## [Task requirements]
Go to the line below containing "[충청뉴스큐] 기아 신평대리점은" and print exactly from there through the line containing "After completion, we", both included. Print nothing else.

## [Given data]
====

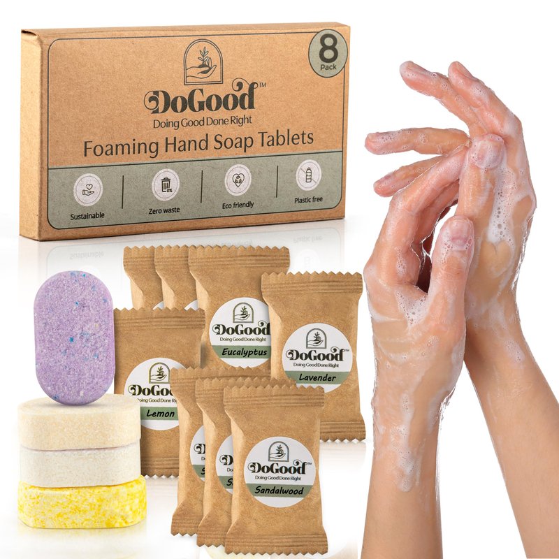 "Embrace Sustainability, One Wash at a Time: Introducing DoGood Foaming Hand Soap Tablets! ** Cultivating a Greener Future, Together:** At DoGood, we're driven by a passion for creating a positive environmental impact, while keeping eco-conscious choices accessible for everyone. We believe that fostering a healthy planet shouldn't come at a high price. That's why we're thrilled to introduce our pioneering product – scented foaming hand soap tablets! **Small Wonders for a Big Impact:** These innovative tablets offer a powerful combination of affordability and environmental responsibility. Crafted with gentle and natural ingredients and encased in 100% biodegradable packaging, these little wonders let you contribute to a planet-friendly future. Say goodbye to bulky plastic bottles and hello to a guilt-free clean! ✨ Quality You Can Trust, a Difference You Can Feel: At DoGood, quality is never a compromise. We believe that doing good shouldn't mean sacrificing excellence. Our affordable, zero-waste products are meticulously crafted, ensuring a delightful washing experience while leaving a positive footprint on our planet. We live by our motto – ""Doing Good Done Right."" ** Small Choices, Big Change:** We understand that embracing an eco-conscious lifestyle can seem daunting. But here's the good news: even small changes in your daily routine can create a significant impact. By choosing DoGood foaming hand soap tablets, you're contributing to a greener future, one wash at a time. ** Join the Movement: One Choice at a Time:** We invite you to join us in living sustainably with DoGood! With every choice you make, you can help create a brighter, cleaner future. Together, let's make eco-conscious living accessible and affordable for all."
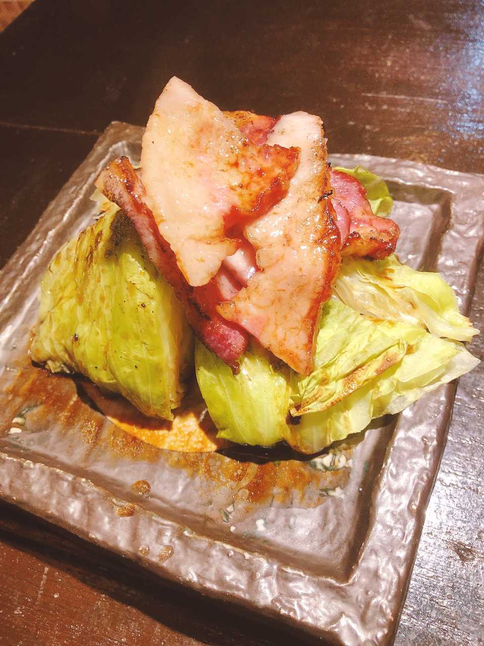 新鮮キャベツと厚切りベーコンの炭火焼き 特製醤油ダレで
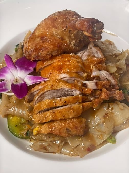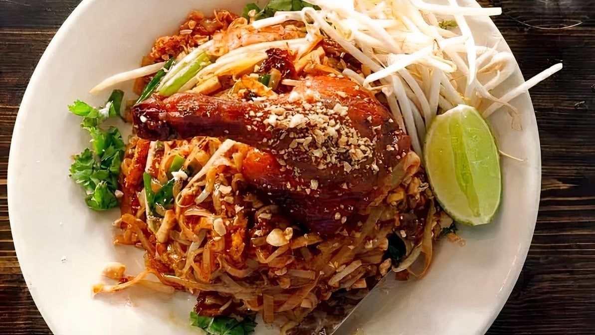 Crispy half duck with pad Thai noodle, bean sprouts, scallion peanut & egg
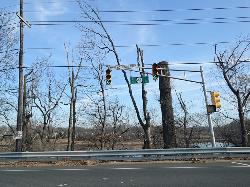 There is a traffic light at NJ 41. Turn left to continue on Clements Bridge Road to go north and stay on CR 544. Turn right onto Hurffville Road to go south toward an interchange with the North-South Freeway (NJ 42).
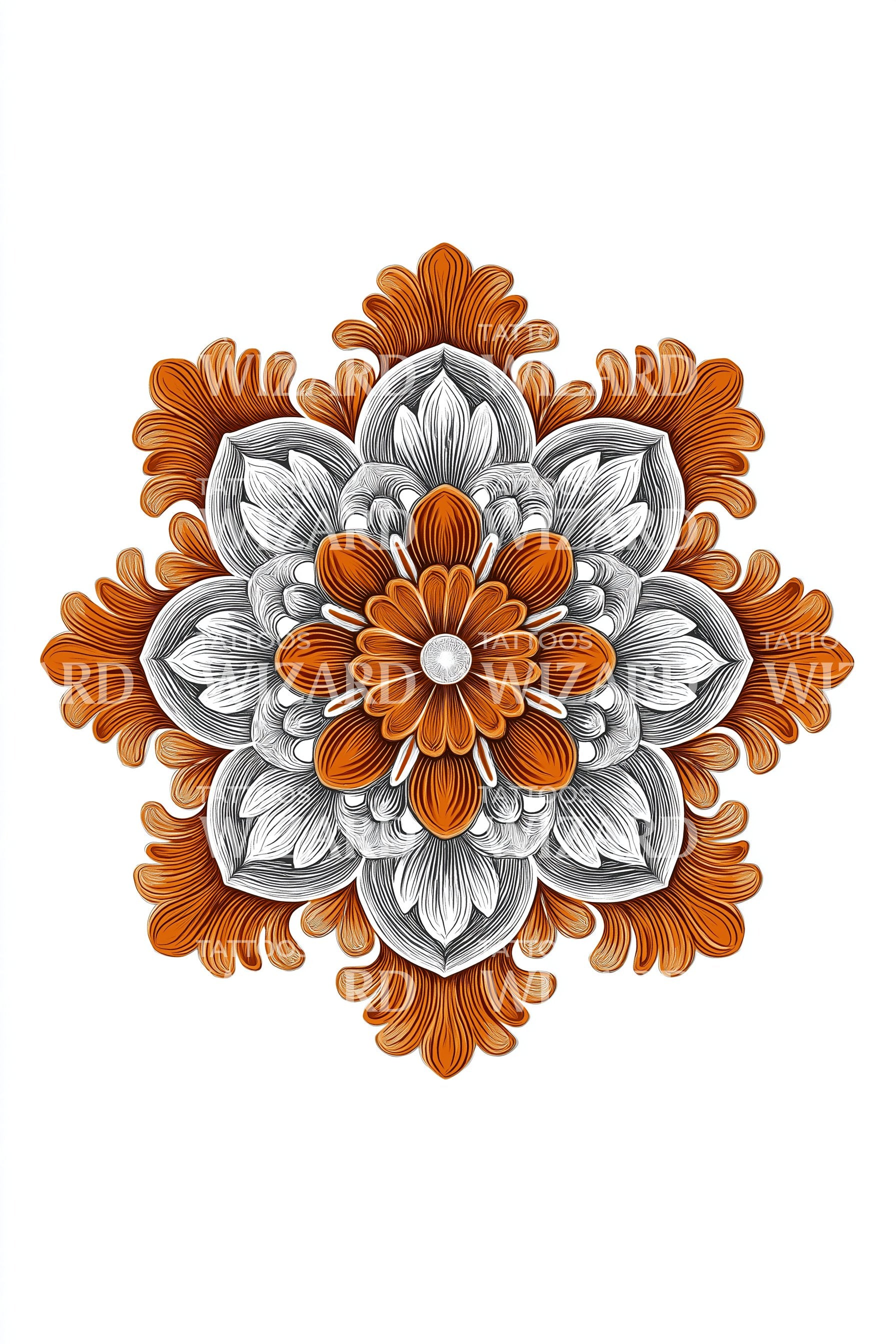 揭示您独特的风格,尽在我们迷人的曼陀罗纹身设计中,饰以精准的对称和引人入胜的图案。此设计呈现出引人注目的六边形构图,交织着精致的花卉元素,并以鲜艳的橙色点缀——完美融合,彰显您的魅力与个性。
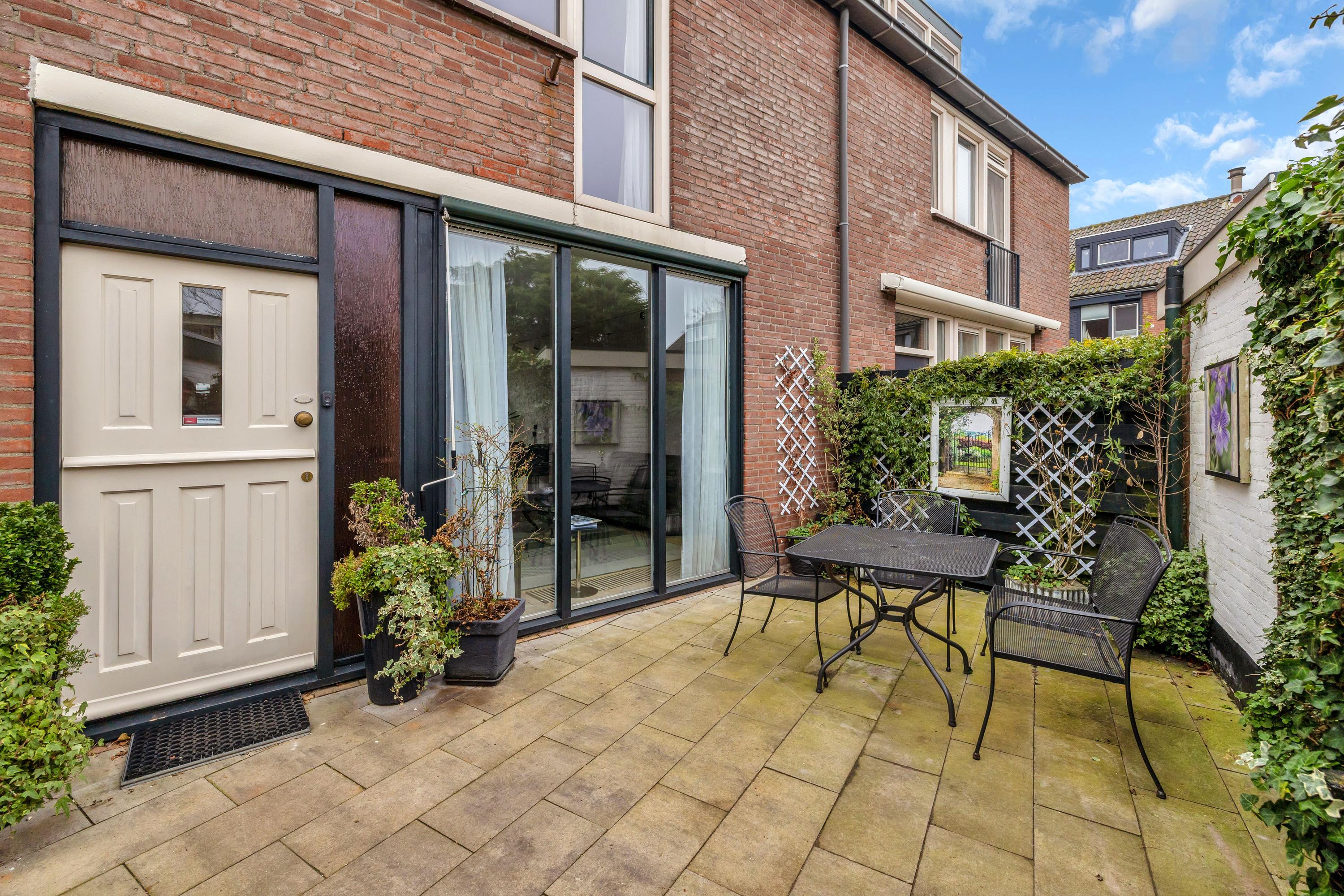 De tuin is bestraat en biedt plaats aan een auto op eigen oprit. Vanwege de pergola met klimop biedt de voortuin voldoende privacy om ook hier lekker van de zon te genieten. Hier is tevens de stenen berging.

====

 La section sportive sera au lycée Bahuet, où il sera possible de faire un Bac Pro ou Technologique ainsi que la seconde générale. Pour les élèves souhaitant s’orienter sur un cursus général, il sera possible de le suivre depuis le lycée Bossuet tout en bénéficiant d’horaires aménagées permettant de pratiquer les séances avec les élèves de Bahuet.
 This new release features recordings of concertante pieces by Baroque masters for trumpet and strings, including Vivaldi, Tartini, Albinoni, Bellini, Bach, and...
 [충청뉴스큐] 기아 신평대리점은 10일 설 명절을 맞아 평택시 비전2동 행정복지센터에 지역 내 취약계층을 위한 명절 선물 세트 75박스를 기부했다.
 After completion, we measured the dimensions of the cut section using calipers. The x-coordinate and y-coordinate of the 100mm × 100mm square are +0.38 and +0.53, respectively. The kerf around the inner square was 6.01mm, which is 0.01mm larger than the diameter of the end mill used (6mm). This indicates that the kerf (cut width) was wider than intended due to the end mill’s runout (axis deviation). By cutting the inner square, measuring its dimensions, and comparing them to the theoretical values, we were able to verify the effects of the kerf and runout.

====

## [Completed exercise]
 [충청뉴스큐] 기아 신평대리점은 10일 설 명절을 맞아 평택시 비전2동 행정복지센터에 지역 내 취약계층을 위한 명절 선물 세트 75박스를 기부했다.
 After completion, we measured the dimensions of the cut section using calipers. The x-coordinate and y-coordinate of the 100mm × 100mm square are +0.38 and +0.53, respectively. The kerf around the inner square was 6.01mm, which is 0.01mm larger than the diameter of the end mill used (6mm). This indicates that the kerf (cut width) was wider than intended due to the end mill’s runout (axis deviation). By cutting the inner square, measuring its dimensions, and comparing them to the theoretical values, we were able to verify the effects of the kerf and runout.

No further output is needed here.